Únicamente así puede entenderse el recurso constante a la geometría de composición y elementos. Vermeer no sólo pintaba azulejos porque la ciudad de Delft los produjera en cantidad –aunque esto era un hecho–, ni estrictamente por influjo –innegable, desde luego– de Hooch, sino porque constituían una oportunidad de integrar en sus cuadros la geometría, doctrina fundamental en el XVII (no olvidemos que la “Ética” de Spinoza se subtitulaba “Compuesta según el orden geométrico”).

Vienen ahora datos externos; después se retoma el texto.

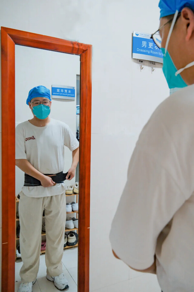 7时20分,ICU护士霍旭琪因近日腰部劳损,带上护腰,换上护士服,准备迎战一天的工作。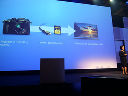 HDR関連ではそのほか、“LUMIX”DC-GH5が、9月末のファームウェアアップデートで、HLGの撮影に対応することも紹介された。世界初の4K/HDR撮影可能な民生用デジタルカメラだ、と小川氏が強くアピールした。

Así también cabe entenderse el empleo de las alusiones a la música como referencia a la armonía –muy en línea con la filosofía del momento– o su propia concepción de la obra pictórica como una comedia visualizada de la realidad, en consonancia con el más puro Cicerón, con lo que entra en juego un componente esencial en el pintor de Delft: el de la ironía, o cuestionamiento de la apariencia de la escena descrita en el lienzo; la virtud es máscara de ocultos vicios, la luz alumbra las inclinaciones más oscuras.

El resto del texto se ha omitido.